同じく高齢者施設での献立作りに従事される中島さんにも日々のお仕事とご自身の食事との向き合い方について伺いました。

ひとつの献立が出来上がるまで

中島さんの仕事は、自社製品を使った老人ホーム向けの献立作成。特別養護老人ホーム、老健、有料老人ホーム—— 施設ごとに特徴は異なります。

中島さん
それぞれ条件や考え方は違いますが、社内でなるべく統一した献立が作れるよう、担当者と連携しています。

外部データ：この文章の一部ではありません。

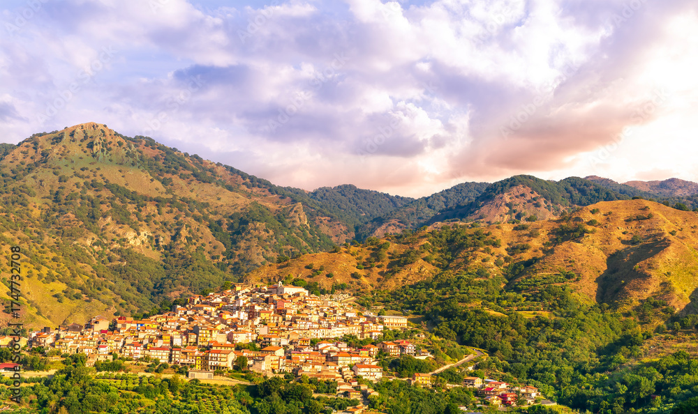 highland landscape of italian town between amazing green mountains with scenic sunset cloudy sky on background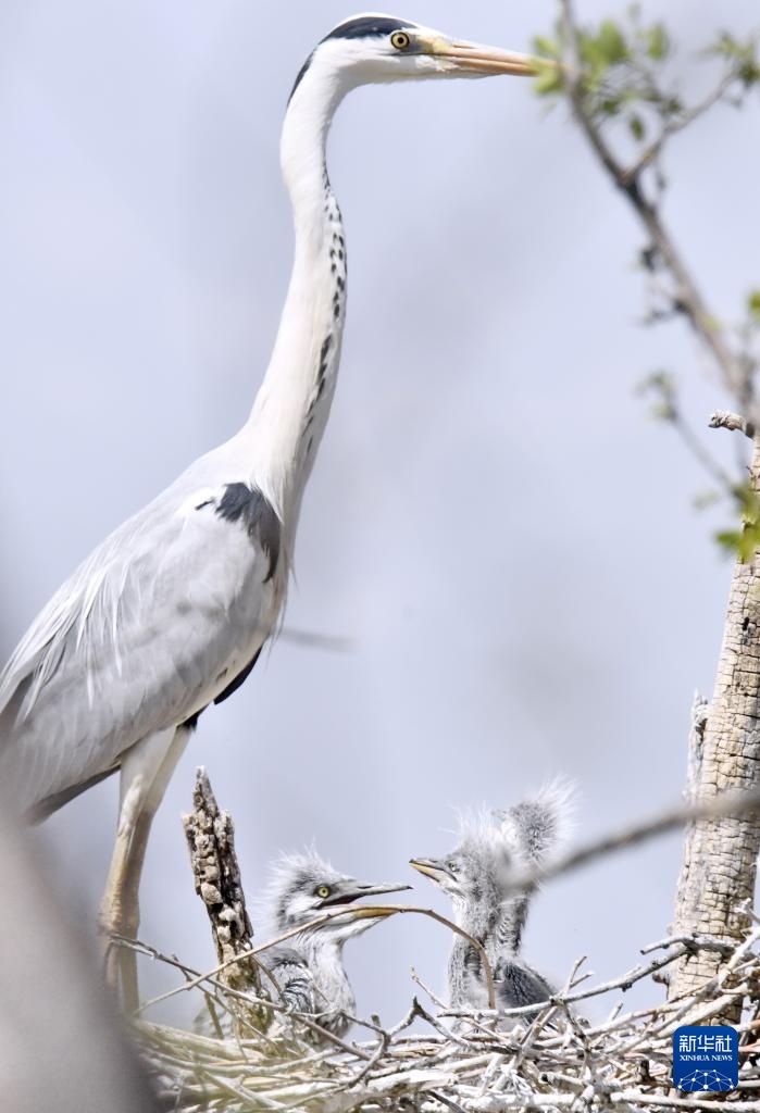 在密云水库鸟岛拍摄的守护着小鸟的苍鹭(4月23日摄)。

現場の負担を減らしながら、安定した品質を保つ。そのためには、個人プレーではなく“チーム”での調整が欠かせません。給食の現場を取り巻く環境は、年々厳しさを増しています。

中島さん
食材の価格も、人件費も、毎年すごいスピードで上がっています。でも、それ言い訳にして提供する食事に妥協があってはいけないと思っています。

給食のコストは確実に上がっている。一方で、食事に対する認識や期待との間に、ギャップが生まれている。その狭間で、現場は静かに踏ん張っています。

オイシサノトビラ
この仕事を続ける原動力は何でしょうか?

中島さん
やりがいというより、勝手な使命感かもしれません。自社の献立や商品が、施設の負担を減らすこと。そして、その先にいる利用者の生活が、少しでも良くなること。一から手作りしていた現場も経験しているので、その大変さが本当によくわかるんです。だからこそ、給食が“回り続ける”仕組みを守りたい。それが結果的に、多くの人の健やかな生活を支えることにつながると信じています。

選ぶことの難しさ

手作りがいい。冷凍食品で時短。糖質オフ、タンパク質強化、減塩、無添加、無農薬——。中島さんが感じる、今の食の大きな課題。それは「選ぶことの難しさ」でした。

中島さん
何を重視するかで、食の満足度は全然変わりますよね。正解がひとつではないからこそ、迷いは尽きない。「生きることに直結する『食』だから、課題はなくならない」そう感じる日々です。

仕事を離れれば、中島さんも一人の生活者であり、母親です。まだ幼い子どもを育てながら、仕事と食事に向き合う毎日には悩みも多いと聞きます。

中島さん
完璧は目指さず、手作りと既製品、そのバランスを自分の中でとるようにしています。二人の子どものうち、上の子は偏食気味。離乳食の頃から、食事には随分と悩んできました。

仕事、家庭、双方の食事に向き合う中で辿り着いた答え、それは、

中島さん
何を食べるかも大事だけど、美味しく、楽しく、笑顔で食べられることが一番だと思っています。

食事とは、人と人をつなぐもの

オイシサノトビラ
中島さんにとって食事とは?

中島さん
「人と人との繋がり」

同じ食卓を囲むこと。同じ献立を食べること。それは、言葉以上に多くのものを共有する時間なのかもしれません。今日もまた、誰かが何気なく口にする一食のために。中島さんは、静かに、確実に、給食という日常を支え続けています。